Валерия Вербинина - Адъютанты удачи
– Кто вы? – повторил император свой вопрос, так как Полина молчала, собираясь с мыслями.
– Мое имя ничего вам не скажет, ваше величество… сир, – быстро поправилась она, вспомнив, как надо титуловать императора. И тут же призналась: – Вообще-то меня зовут Полина Серова.
– Это действительно мне ничего не говорит, – спокойно заметил Наполеон. – Вы приехали из России?
– Да, ваше вели… сир. Все так странно получилось… Эти письма, и сокровища, и…
Наполеон досадливо передернул плечами, и Полина сообразила, что объясняется слишком путано для того, чтобы ее могли понять.
– Что за письма? – Император говорил, бросая слова, как камни, словно и разговор, и сама собеседница навевали на него невыносимую скуку.

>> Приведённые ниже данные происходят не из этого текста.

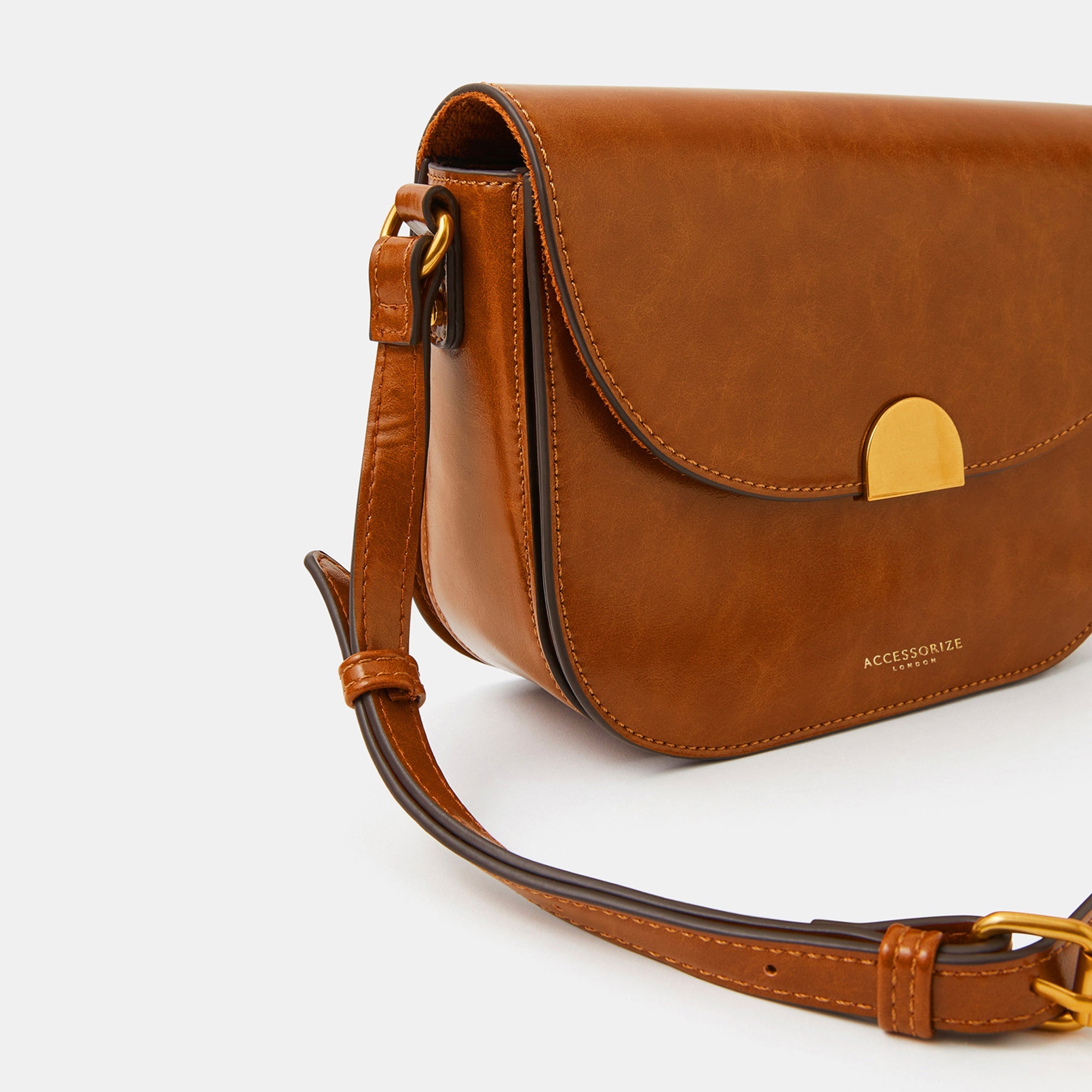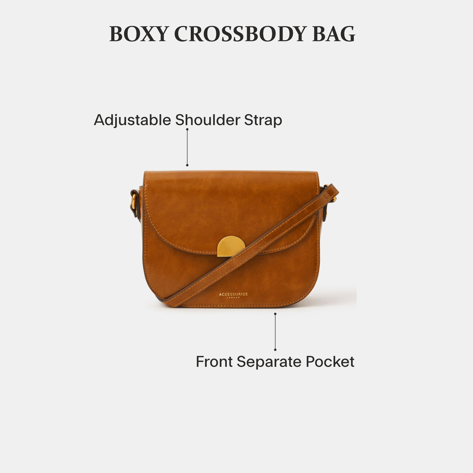 Perfectly structured and timelessly chic, this Tan Boxy Sling Bag is your ideal autumn accessory. Crafted from smooth faux leather, it features a neat boxy silhouette that can fit your everyday essentials with ease – from your phone and wallet to keys and small beauty must-haves. Designed with a magnetic button fastening, inside zip pocket, and adjustable strap, it blends functionality with minimal elegance, making it a versatile companion for both work and casual outings.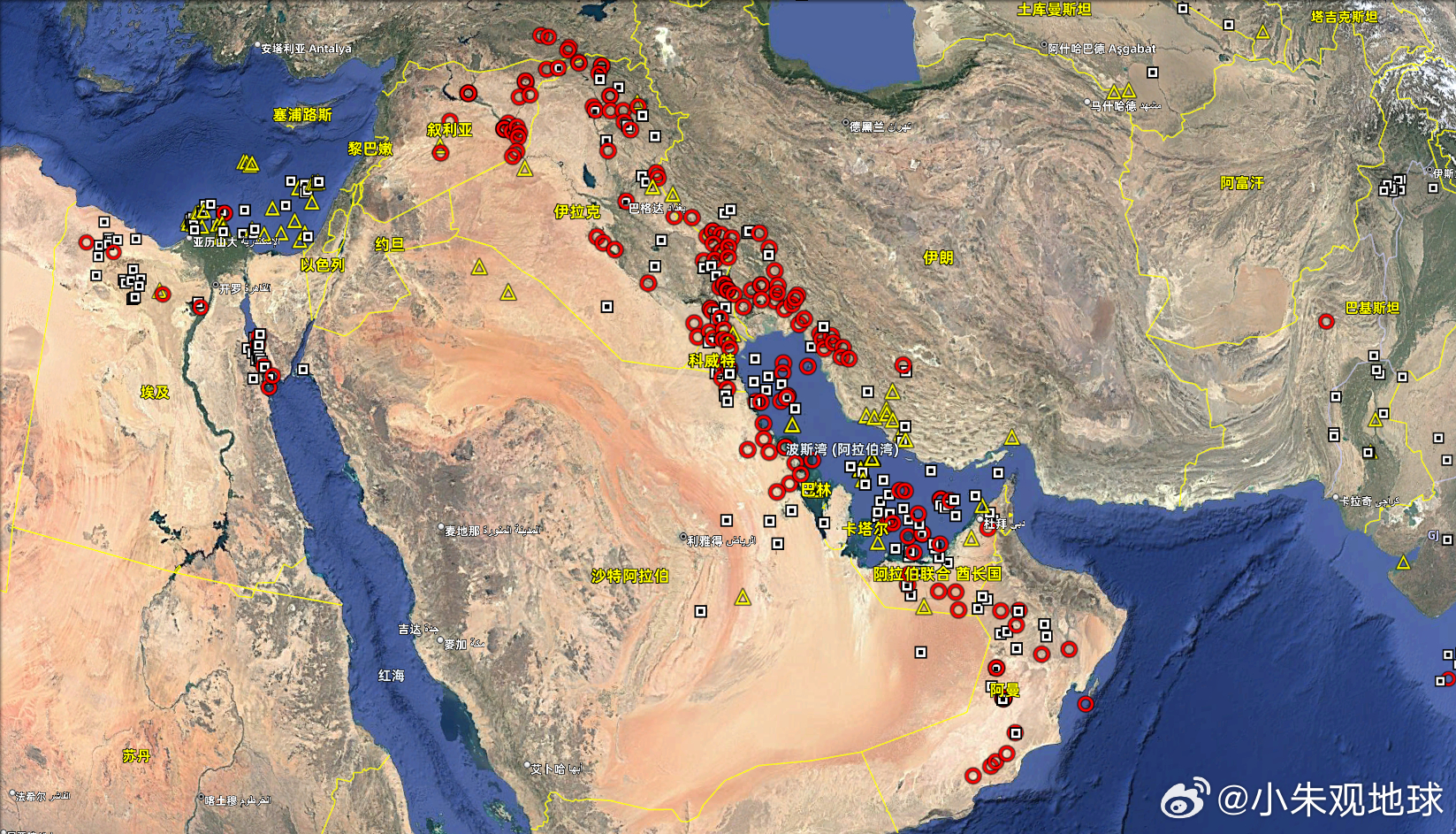 波斯湾周边油气资源分布,黄三角汽井,红圈是油井、黑方框是油气井 8个主要产油国宣布增产美伊以冲突伊朗局势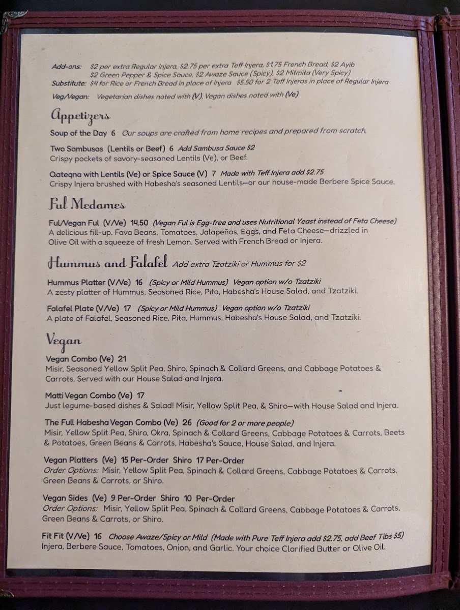 If you're in the mood for authentic Ethiopian flavors, the Habesha Cafe Menu is where you’ll want to be. Located at 5710 Rainier Ave S in Seattle, WA, this cozy spot brings the rich, vibrant tastes of Ethiopia to the heart of the city. From tender stews to flavorful spices, every dish on the menu offers something unique. Whether you're craving the traditional Doro Wat, savory Kitfo, or a variety of vegetarian options, there's no shortage of options to satisfy your hunger. The meals are perfectly paired with injera, a soft and tangy flatbread that complements the flavors beautifully. Every bite is a celebration of bold, homemade tastes that are sure to make you feel right at home. So, gather your friends and family, because the Habesha Cafe Menu promises a delightful journey through Ethiopian cuisine right in the heart of Seattle.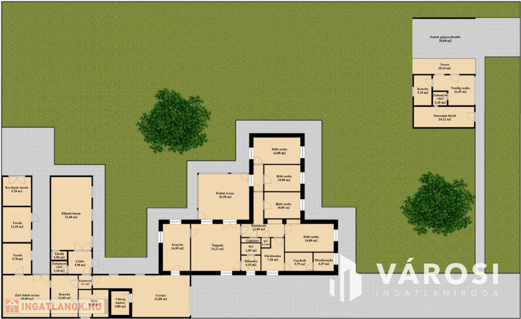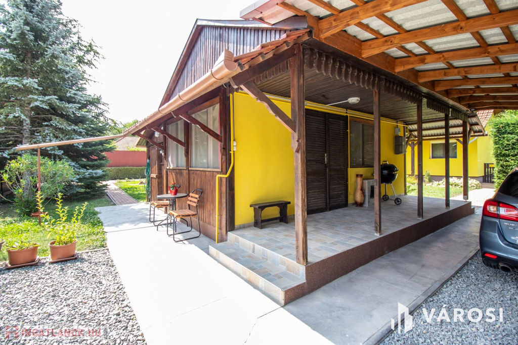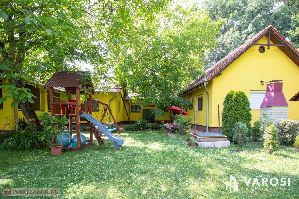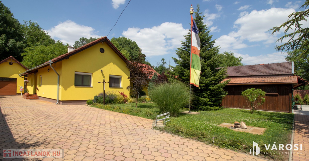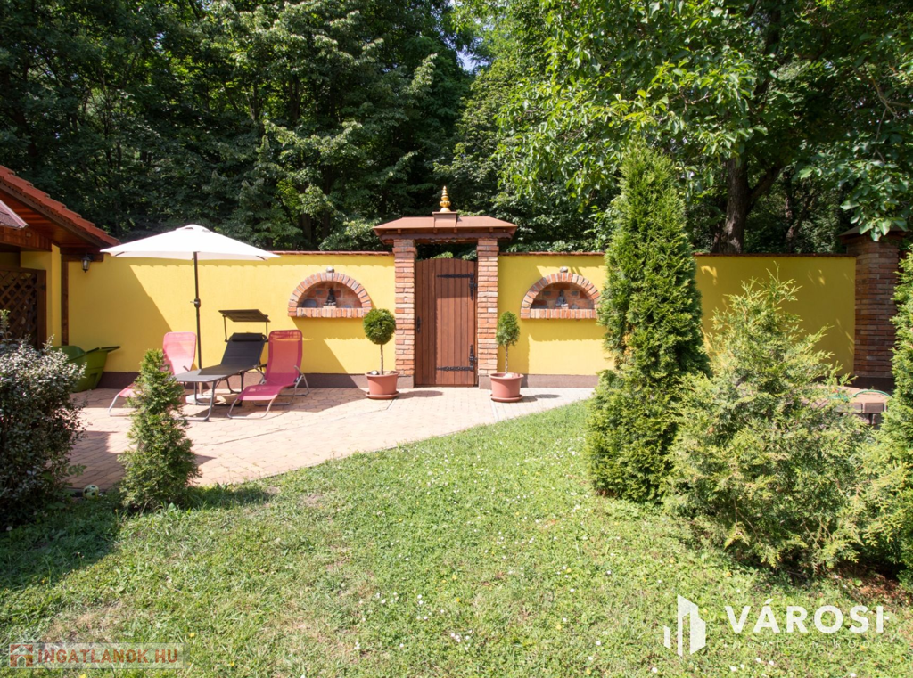 A 1510 m²-es telken gondosan kialakított parkosított környezet várja az új tulajdonost. A hatalmas fenyőfák és a termő diófa nemcsak árnyékot és természetes szépséget nyújtanak, hanem egyedi hangulatot is teremtenek. A kültéri élet szerelmesei számára a kert igazi paradicsom: egy fafaragó mester által készített hangulatos kiülő és grillező teszi még otthonosabbá a szabadtéri időtöltést. A gyermekek számára egy természetes rönk játszótér nyújt önfeledt szórakozást, míg a medencének vagy trambulinnak kialakított térburkolatos rész tökéletes helyet biztosít a családi kikapcsolódásnak. A telken található egy könnyűszerkezetes, felújítandó vendégház is, amely saját konyhával és fürdőszobával rendelkezik, így akár vendégek fogadására vagy külön élettérként is kiválóan alkalmas.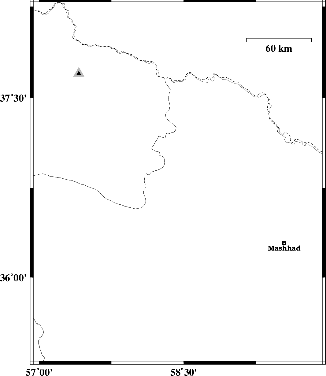 2013/12/07 | 23:12:42.5 | 02:42:42.5 | 36.79 | 58.44 | 14 | ML:4.2 | Khorasan(center) Province, 36 km South of Quchan |
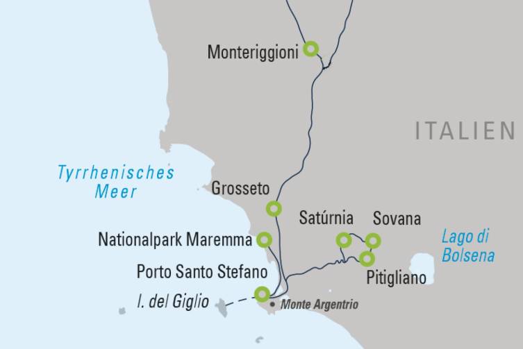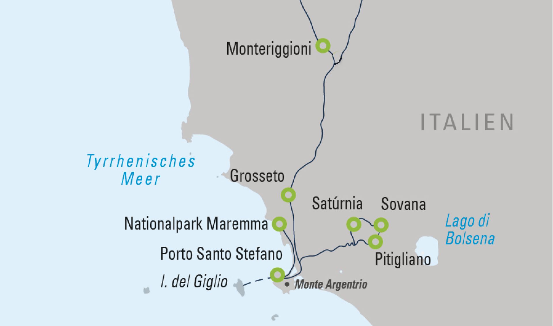 Wiesen und Felder, versteckte Schluchten und Flusstäler, Schafherden und stille Dörfer. Vom „Heiligen Berg“ der Etruskerinnen bis zu den warmen Quellen in Saturnia, von Pitigliano bis zur Insel Giglio - die Maremma wird Sie begeistern. Kein Wunder, dass die Südtoskana ein Wander- und Radfahrparadies ist, aber auch eines der schönsten Badeurlaubsziele Italiens.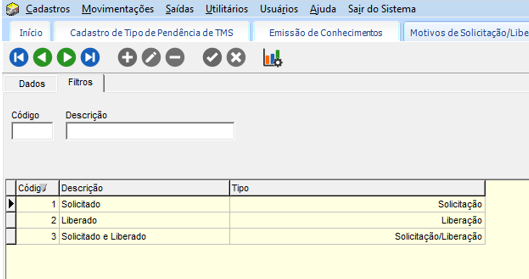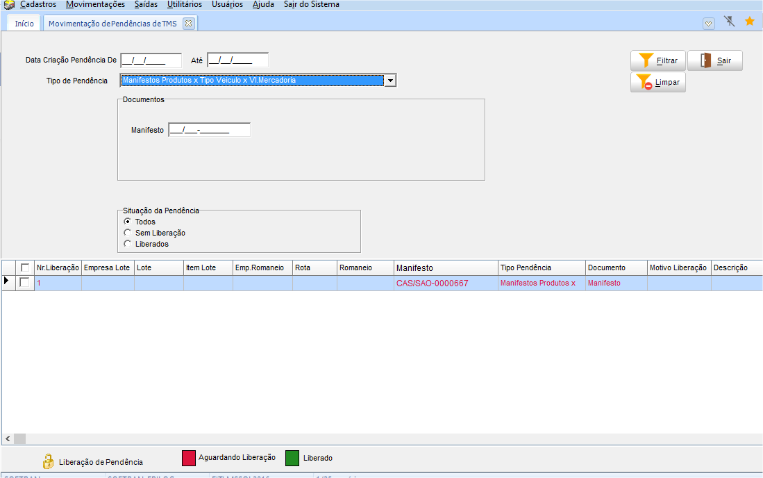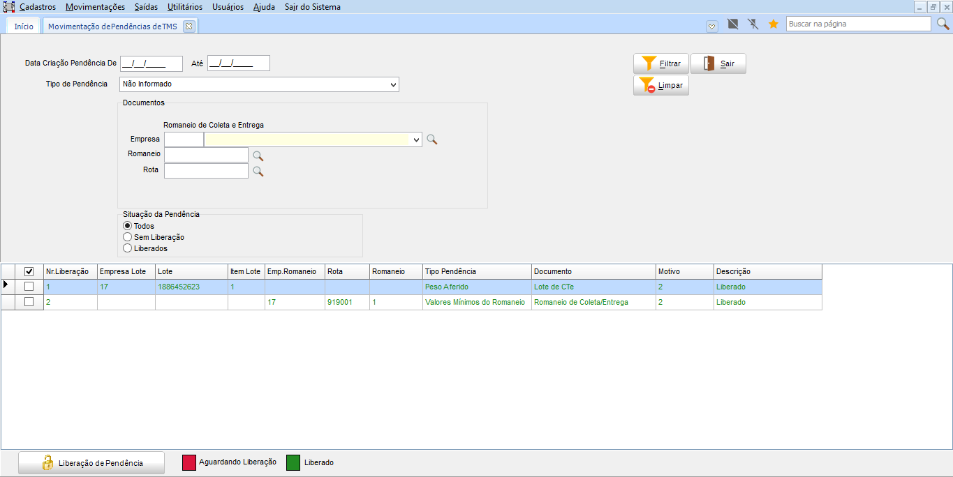 Em Movimentações > Liberação de Pendências TMS, será apresentada as pendências solicitadas, que pode ser filtrada diretamente pelo tipo de pendência.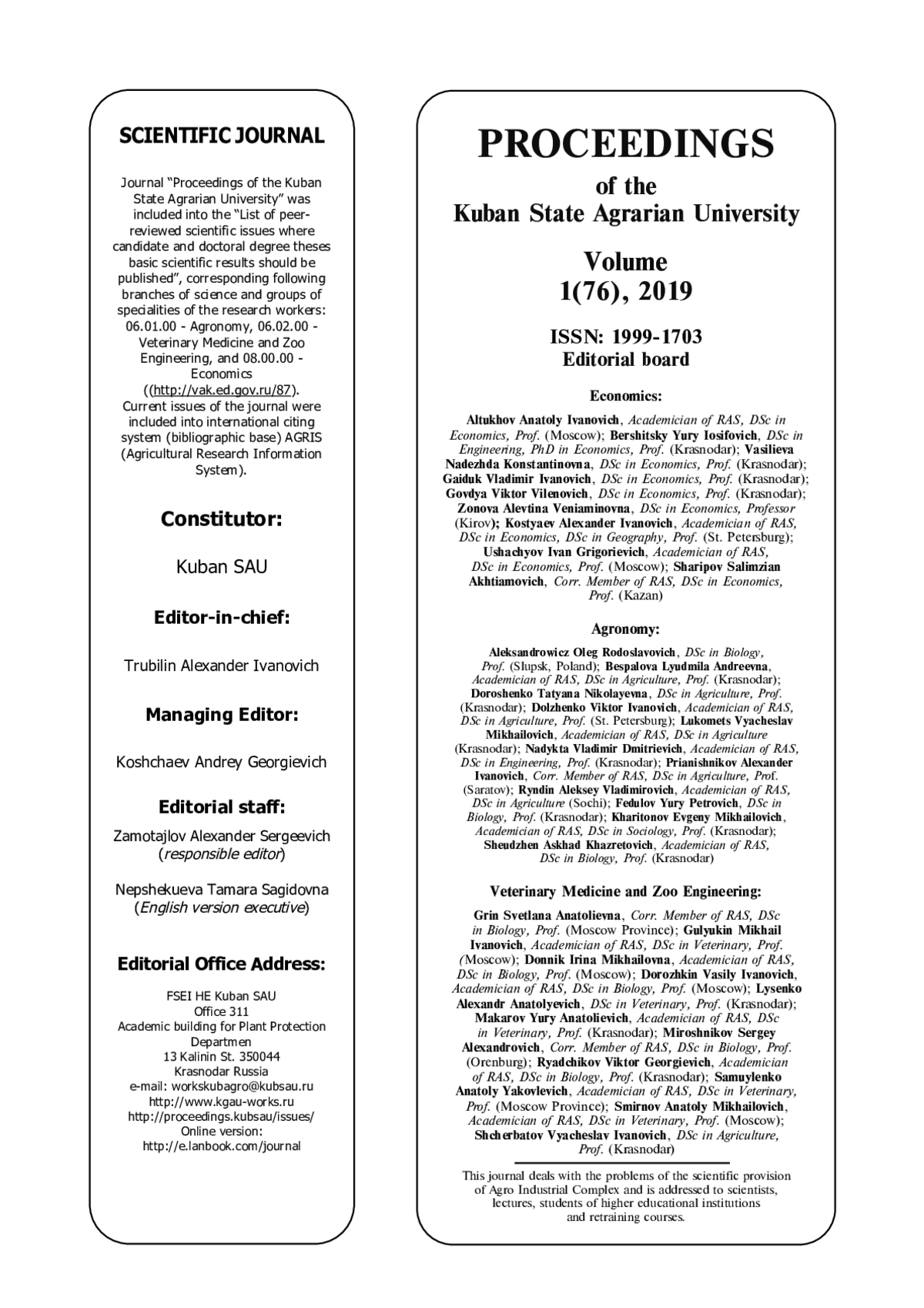 Целью настоящей работы являлось изучение особенностей формирования карабидофауны агролдандшафта, анализ спектра жизненных форм, хорологических комплексов и типов ареала, а также биотопического преферендума видов в условиях лиманно-плавневого природного комплекса Северо-Западного Кавказа в 2016-2018 гг. По результатам наблюдений установлено высокое разнообразие экологических групп жужелиц района исследований, включающих виды с предпочтением лесных, луговых, полевых, приводных, болотных, степных и солончаковых стаций. В спектре жизненных форм по типу питания зоофаги преобладают над миксофитофагами. Всего агроценозы района исследований населяют жужелицы 17 групп жизненных форм. По результатам хорологического анализа выделены виды с экстраголарктическими мультирегиональными, широкими полисекторными и полизональными, европейскими и еврокавказскими лесными, степными, широкотетийскими, широкосредиземноморскими, восточно-средиземноморским, европейско-средиземноморскими, широкоэвксинскими, западнокавказскими и северозападнокавказским типами ареалов. По отношению к влажности жужелицы района исследований являются мезофилами, мезо-ксерофилами, мезо-гигрофилами и гигрофилами.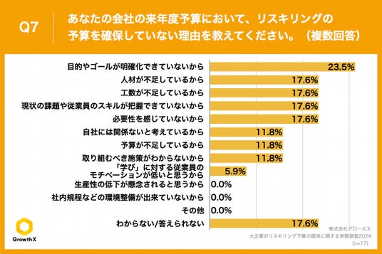 Q1で「していない」と回答した方に、「Q7.あなたの会社の来年度予算において、リスキリングの予算を確保していない理由を教えてください。(複数回答)」(n=17)と質問したところ、「目的やゴールが明確化できていないから」が23.5%、「人材が不足しているから」が17.6%、「工数が不足しているから」が17.6%という回答となりました。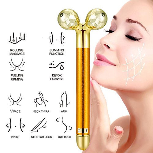 Beauty Bar 24k Golden Pulse Facial Massager, 3D Roller Face Massager Electric Sonic Depuffer Gold Lift Facial Bar Japan (Import)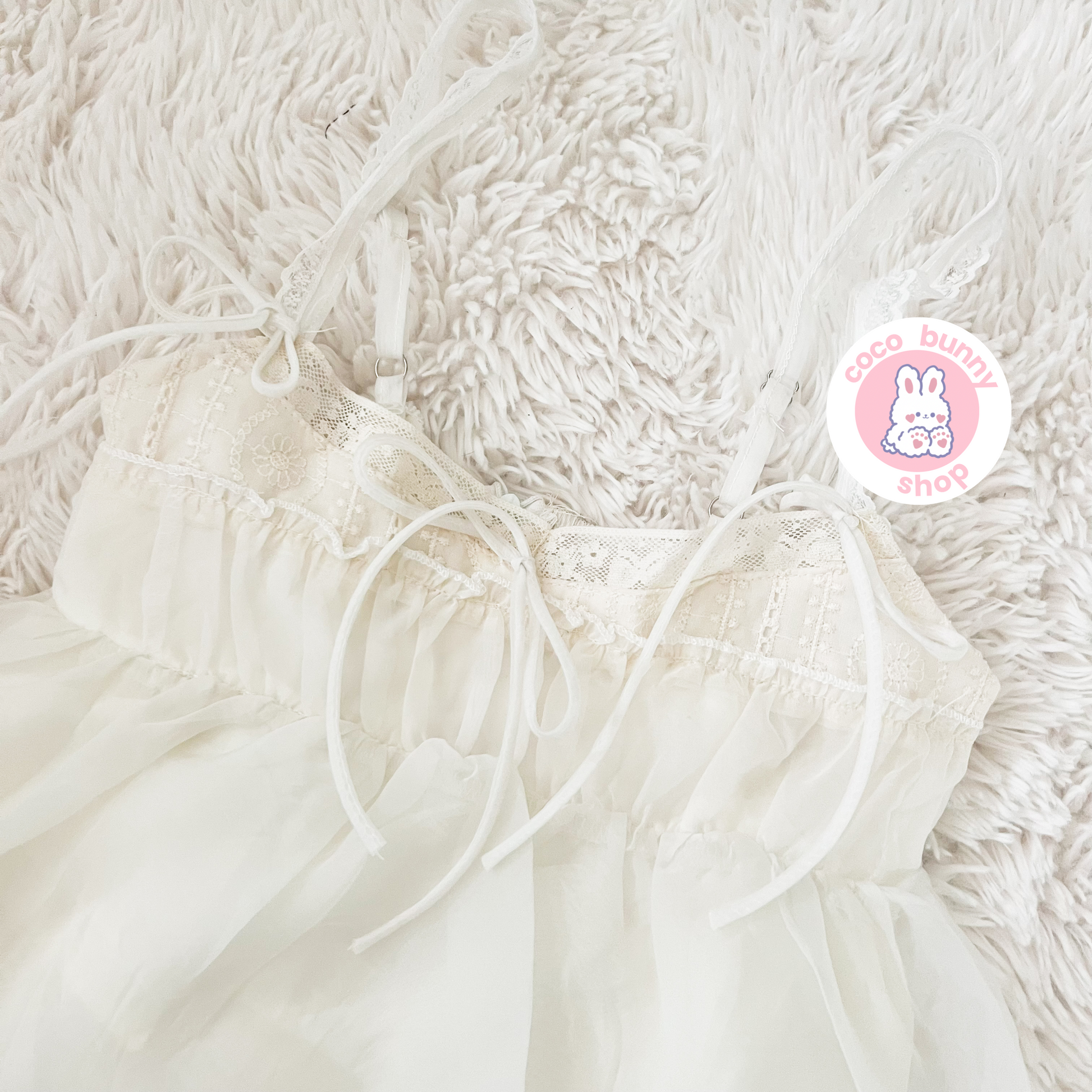crafted with ultra feminine inspiration, this babydoll silhouette camisole showcases a ruffled lace trim edging, self tie bows on straps and center, and ruched bodice

– Те, которые вы писали в Рим. – Полина глубоко вздохнула. – Вы слали их своей матери, но не могли адресовать их ей прямо, а писали на имя некоего Мертеля, который жил в Риме под фамилией Карон. На полке у него стоял ваш бюст, – вспомнила Полина. – Но однажды конверт, надписанный вашей рукой, попался на глаза одному человеку… бесчестному человеку. И тот узнал ваш почерк. Он достал ваши старые письма к Дезире Клари, сравнил и убедился, что вы живы, а не умерли и похоронены на далеком острове.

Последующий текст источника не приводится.